Published: 13 May 2011

Abstract

Background

Direct sputum smear microscopy is the mainstay of TB diagnosis in most low and middle income countries, and is highly specific for Mycobacterium tuberculosis in such settings. However it is limited by low sensitivity, particularly in HIV co-infected patients. Concentration by centrifugation has been reported to be more sensitive than direct smear preparation, but is only suitable for referral laboratories. Simpler concentration methods that could be applied in peripheral laboratories are urgently needed.

Methods

We evaluated the feasibility of an early prototype ligand-coated magnetic bead technology to concentrate M. tuberculosis prior to detection by LED-based fluorescence microscopy compared with direct Ziehl-Neelsen microscopy and direct and concentrated fluorescence microscopy in a reference laboratory in Kampala, Uganda.
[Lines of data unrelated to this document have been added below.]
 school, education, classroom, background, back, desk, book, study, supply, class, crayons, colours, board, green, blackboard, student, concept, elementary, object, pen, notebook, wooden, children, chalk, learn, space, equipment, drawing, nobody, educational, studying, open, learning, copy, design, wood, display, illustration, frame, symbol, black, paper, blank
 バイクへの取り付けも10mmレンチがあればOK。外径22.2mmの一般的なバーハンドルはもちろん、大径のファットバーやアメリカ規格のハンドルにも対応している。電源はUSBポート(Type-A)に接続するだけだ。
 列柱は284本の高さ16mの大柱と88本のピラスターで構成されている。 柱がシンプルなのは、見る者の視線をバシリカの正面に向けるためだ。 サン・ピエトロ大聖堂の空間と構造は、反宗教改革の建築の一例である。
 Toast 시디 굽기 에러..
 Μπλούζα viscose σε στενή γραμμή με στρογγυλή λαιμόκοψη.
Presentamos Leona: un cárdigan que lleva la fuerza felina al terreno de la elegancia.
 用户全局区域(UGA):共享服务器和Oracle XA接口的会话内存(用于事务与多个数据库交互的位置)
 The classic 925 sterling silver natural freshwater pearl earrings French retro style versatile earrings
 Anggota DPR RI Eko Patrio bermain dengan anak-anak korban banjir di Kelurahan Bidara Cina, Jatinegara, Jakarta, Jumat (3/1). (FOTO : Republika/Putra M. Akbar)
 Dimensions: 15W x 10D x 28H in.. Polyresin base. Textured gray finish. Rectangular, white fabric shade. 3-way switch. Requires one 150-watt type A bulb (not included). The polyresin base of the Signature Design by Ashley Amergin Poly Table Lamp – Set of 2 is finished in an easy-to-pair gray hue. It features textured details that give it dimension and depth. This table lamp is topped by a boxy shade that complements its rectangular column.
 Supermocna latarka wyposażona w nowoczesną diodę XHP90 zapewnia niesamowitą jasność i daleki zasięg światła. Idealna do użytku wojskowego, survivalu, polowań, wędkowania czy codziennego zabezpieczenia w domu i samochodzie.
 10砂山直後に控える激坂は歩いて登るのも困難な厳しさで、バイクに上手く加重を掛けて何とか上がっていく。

Results were compared with MGIT 960 liquid culture and Lowenstein-Jensen culture.

Results

Compared to culture, concentrated FM had significantly higher sensitivity than direct ZN (74.8% and 51.4%), magnetic bead-FM (65.4%) and direct FM (58.9%). The sensitivity of magnetic bead FM was significantly higher than direct ZN (p < 0.001) but not significantly higher than direct FM (p = 0.210). The specificity of magnetic bead FM and concentrated FM was significantly lower than direct ZN (88.6%, 94.3% and 98.9% respectively) and direct FM (99.4%). There was no significant difference in specificity between magnetic bead FM and concentrated FM. Allowing for blinded resolution of discrepant results, the specificity of magnetic bead FM increased to 93.1%. Direct microscopy was simpler than concentrated FM and Magnetic bead FM which both had a similar number of steps.

Conclusion

The sensitivity of the early prototype magnetic bead FM was lower than concentrated FM, similar to direct FM, and significantly higher than direct ZN. Both magnetic bead and concentration by centrifugation led to reduced specificity compared with the direct smear methods. Some magnetic bead FM false positive results were not easily explained and should be further investigated. The prototype version of the magnetic bead procedure tested here was of similar complexity to concentration by centrifugation. As such, if the sensitivity of the magnetic bead FM could be improved in future versions of the technology, this may offer a viable alternative to centrifugation.